Microbiology testing capacity and antimicrobial drug resistance in surgical-site infections: a post-hoc, prospective, secondary analysis of the FALCON randomised trial in seven low-income and middle-income countries

Lancet Glob Health. 2024 Sep 5:S2214-109X(24)00330-9. doi: 10.1016/S2214-109X(24)00330-9. Online ahead of print.

Abstract

Background: Surgical-site infection (SSI) is one of the most common health-care-associated infections, substantially contributing to antibiotic use. Targeted antibiotic prophylaxis to prevent SSIs and effective treatment are crucial to controlling antimicrobial resistance (AMR). This study aimed to describe the testing capacity and multidrug resistance (MDR) of SSI microorganisms in low-income and middle-income countries (LMICs).

Methods: This analysis included patients undergoing abdominal surgery in seven LMICs (Benin, Ghana, India, Mexico, Nigeria, Rwanda, and South Africa) as part of the FALCON randomised controlled trial. Wound swabs were collected from patients diagnosed with SSI, as per US Centers for Disease Control and Prevention (CDC) definition. Data on microorganism species and MDR, as per CDC and European Centre for Disease Prevention and Control definitions, were analysed alongside hospital-level data on local microbiological practices. An adjusted analysis was performed to identify perioperative factors associated with MDR. Testing capacity was assessed by the completion of swab testing in positively diagnosed SSIs.

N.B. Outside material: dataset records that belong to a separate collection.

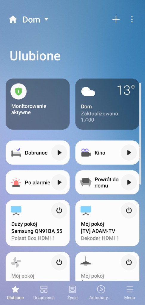 Aby zmienić sterownik, należy wejść panel sterowania urządzenia. Następnie klikamy Więcej opcji ( ⋮ ), z listy wybieramy Sterownik i Wybierz inny sterownik. Potwierdzamy wybór sterownika, klikając OK. Z przeprowadzonych testów, wynika, że najlepiej komunikuje się z urządzeniem sterownik autorstwa dewelopera Mariano o nazwie Zigbee Contact Mc. Wątek na forum SmartThings dotyczące ww. sterownika SmartThings Edge znajdziesz tutaj. W przyszłości, inne nowsze sterowniki mogą posiadać bardziej rozbudowane funkcje, zachęcamy do eksperymentów.
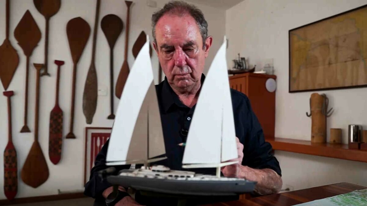 Amir Klink segura maquete de veleiro sobre mesa em ambiente interno com remos decorativos na parede ao fundo
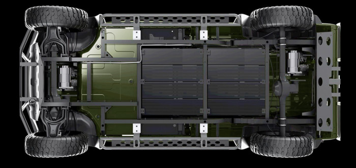 Новое авто будет электрическим, с задним приводом. Будет установлен электродвигатель, питающий батареи, которые будут находиться под полом (см. схему)
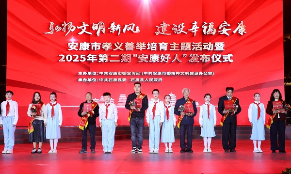 本次活動以“弘揚文明新風 建設(shè)幸福安康”為主題,由市委宣傳部主辦、石泉縣委和縣政府承辦,旨在深入學習貫徹黨的二十屆四中全會精神,扎實推進崇德向上幸福安康建設(shè)。活動現(xiàn)場,通過播放典型人物短片、現(xiàn)場互動訪談等形式,生動再現(xiàn)了陳登發(fā)、高虎、黃壽琴等好人代表的感人事跡。市級領(lǐng)導及“中國好人”“陜西好人”等先進典型代表為28名新入選的“安康好人”頒發(fā)紀念證書。活動現(xiàn)場同時發(fā)布了2025年安康市“新時代好少年”名單,24名青少年獲得殊榮。

Findings: Between Dec 10, 2018, and Sept 7, 2020, 5788 patients were recruited to the FALCON trial. 1163 patients were diagnosed with an SSI, of whom 905 (77·8%) received prophylactic antibiotics before surgery. In patients with SSIs, 935 of 1163 (80·4%) did not have a wound swab; 195 were from hospitals not performing swabs (15 hospitals) and 740 were from hospitals with capacity but no swab performed (35 hospitals). Of 228 patients swabbed, 200 (88·5%) had microorganisms detected. Escherichia coli (89 of 200, 37·9%) was the most common microorganism and 116 of 200 (58·0%) patients were not covered by the perioperative prophylactic antibiotic. MDR was found in 102 of 147 (69·4%) patients for whom data were available to determine MDR status. Adjusted analysis found that appropriate prophylactic antibiotic coverage (adjusted odds ratio 0·43, 95% CI 0·19-0·96) and regular availability of infection control teams (0·32, 0·11-0·93) were associated with a significant reduction in MDR.

Interpretation: Targeted perioperative antibiotic prophylaxis during contaminated abdominal surgery is insufficient in LMICs, with very few SSI organisms undergoing formal diagnosis. Expansion of testing capacity, development of local guidelines, and implementation of infection control teams could support the prevention of SSI through directed antibiotic prophylaxis, subsequently reducing the burden of MDR.

Funding: National Institute for Health and Care Research.

Translations: For the French and Spanish translations of the abstract see Supplementary Materials section.